___ DATA TO USE ___
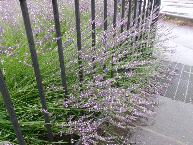 本校自慢のラベンダーが雨で倒れていますが、香りが立っています。
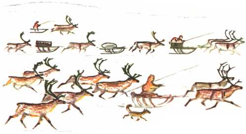 Не знаю, как вы, ребята, а я, когда смотрел на бегущие по снегам оленьи упряжки и пса с закрученным хвостом, устремлённого вперёд, подумал: «Перекочёвка — дело нешуточное. Олени съели весь ягель на полсотни километров вокруг, и вот всё огромное стадо движется на новые пастбища. Прямо-таки «переселение народов».
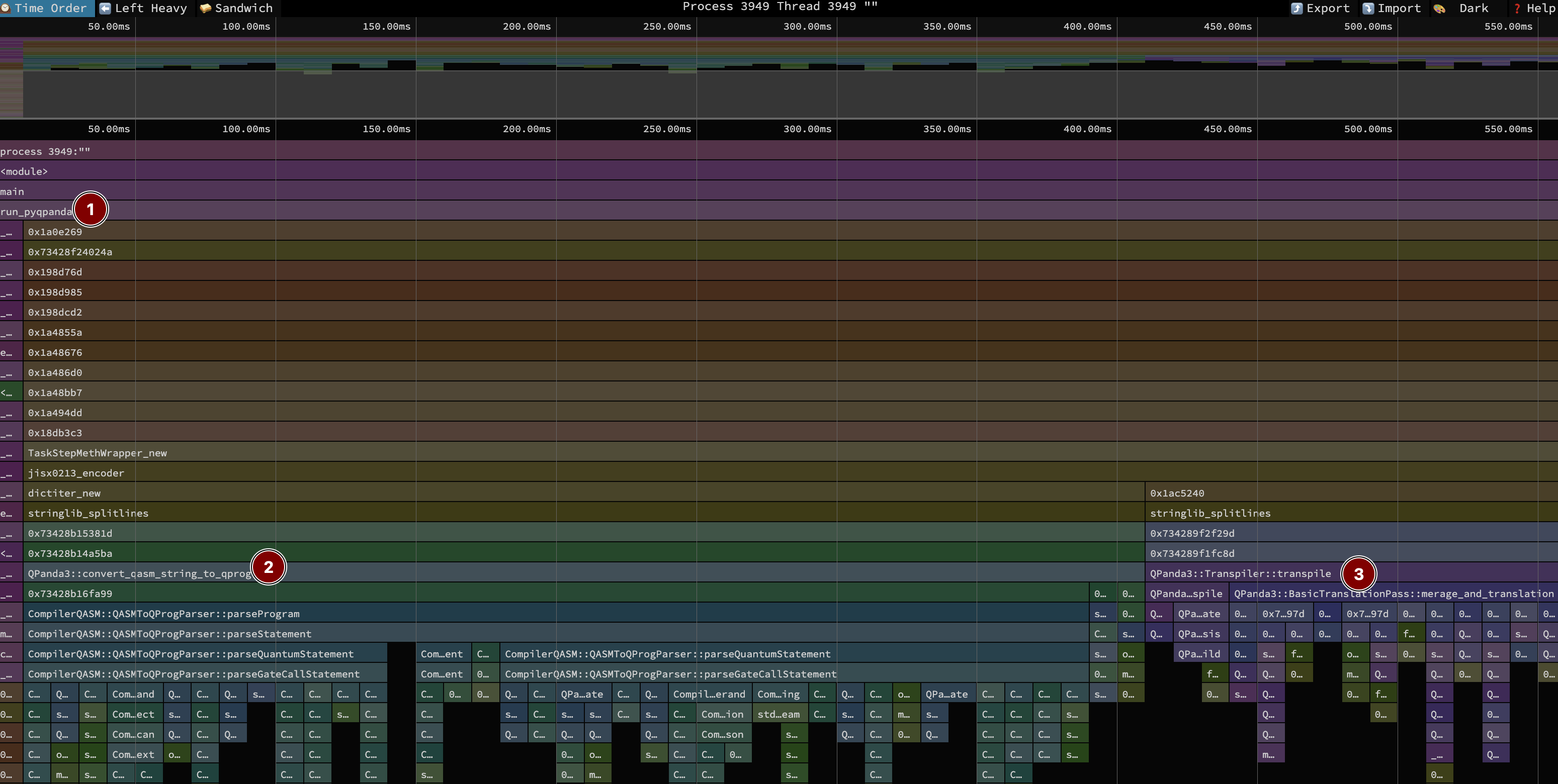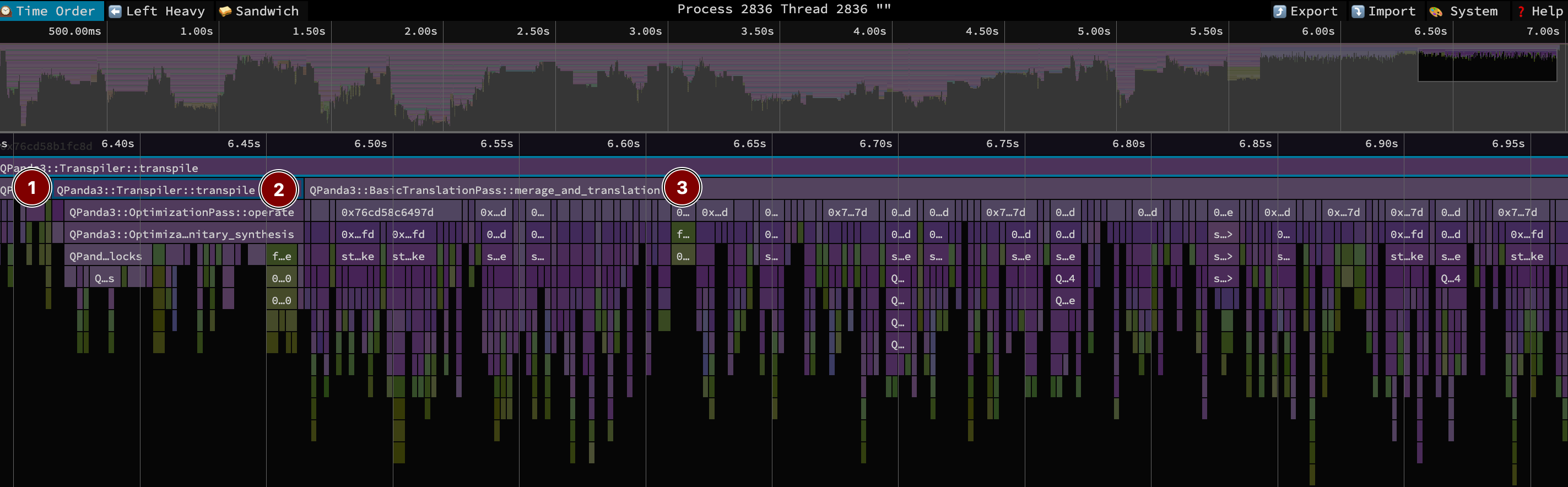 This timeline view zooms in on the transpilation call, which has three main phases
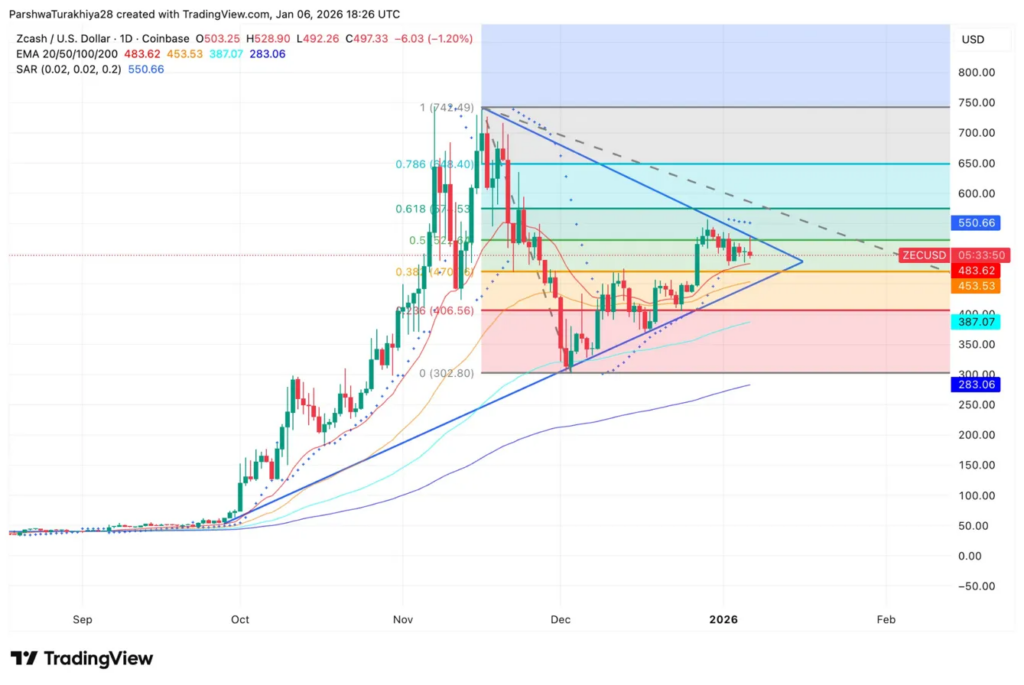 ZEC is trading between the 0.382 Fibonacci at $476 and 0.5 level at $522, with all major EMAs compressing tightly.
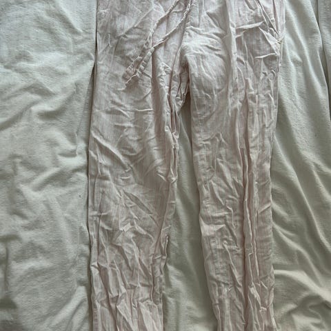 Herlig stripete pysjbukse fra Danmark, 100% bomull, lommer foran og bak, str 36. Brukt som vanlig bukse på sommeren, ikke som pysj
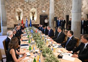 (250704) -- ISLA DE RODAS, 4 julio, 2025 (Xinhua) -- El primer ministro chino, Li Qiang, se reúne con el...
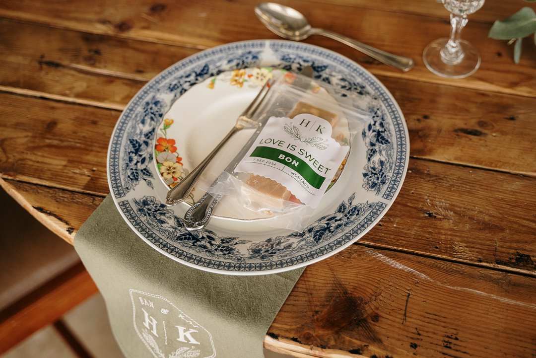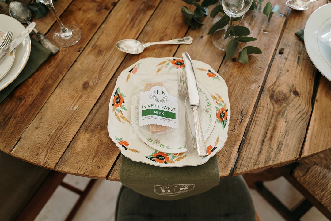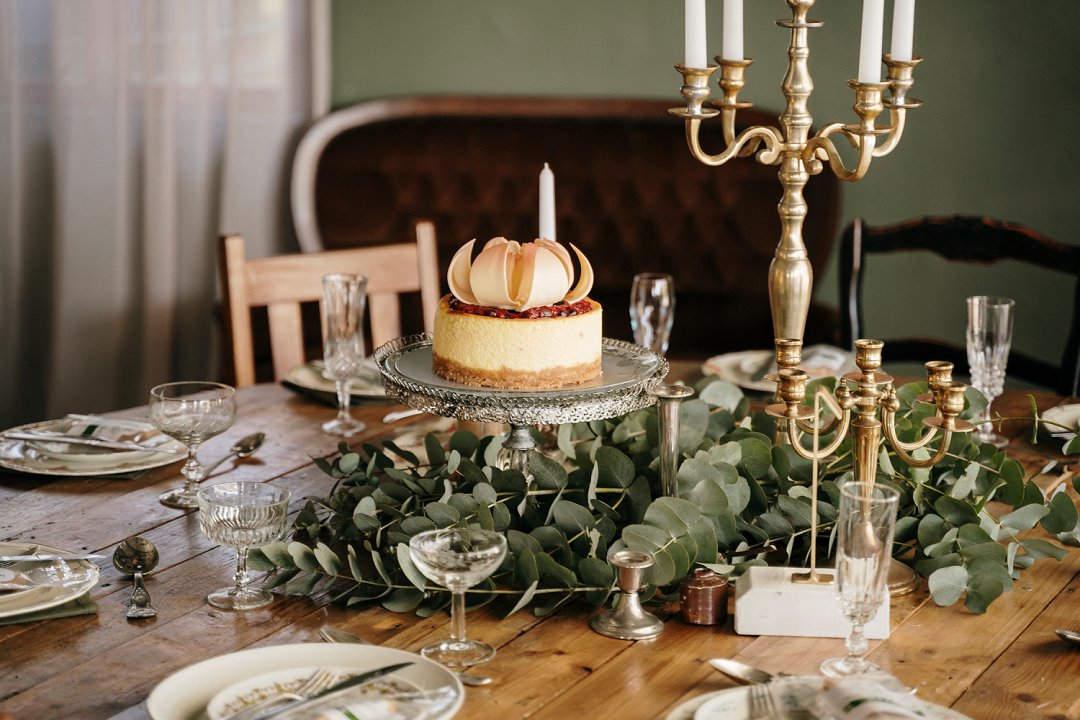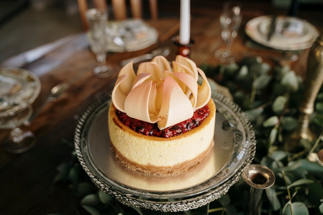 Ek het die kleure gekies om die fynbos te komplimenteer – wynrooi, groen, goud en bruin. Ons het oulike, unieke dekor gebruik vir die tafels, en niks was dieselfde nie. In plaas van een groot koek wat gesny word, het ons besluit om op elke tafel ʼn ander geur kaaskoek te plaas, wat die gaste aangemoedig het om by ander tafels te kuier en ʼn lepel vol van die verskillende geure te proe. Dit was so lekker en het almal laat gesels en kuier.
___
**EXERCISE GOAL**
The line containing "This timeline view" marks the start: set down exactly that line and every line after it through the last line of the data, without any pictures.

**SOLUTION**
 This timeline view zooms in on the transpilation call, which has three main phases
 ZEC is trading between the 0.382 Fibonacci at $476 and 0.5 level at $522, with all major EMAs compressing tightly.
 Herlig stripete pysjbukse fra Danmark, 100% bomull, lommer foran og bak, str 36. Brukt som vanlig bukse på sommeren, ikke som pysj
 (250704) -- ISLA DE RODAS, 4 julio, 2025 (Xinhua) -- El primer ministro chino, Li Qiang, se reúne con el...
 Ek het die kleure gekies om die fynbos te komplimenteer – wynrooi, groen, goud en bruin. Ons het oulike, unieke dekor gebruik vir die tafels, en niks was dieselfde nie. In plaas van een groot koek wat gesny word, het ons besluit om op elke tafel ʼn ander geur kaaskoek te plaas, wat die gaste aangemoedig het om by ander tafels te kuier en ʼn lepel vol van die verskillende geure te proe. Dit was so lekker en het almal laat gesels en kuier.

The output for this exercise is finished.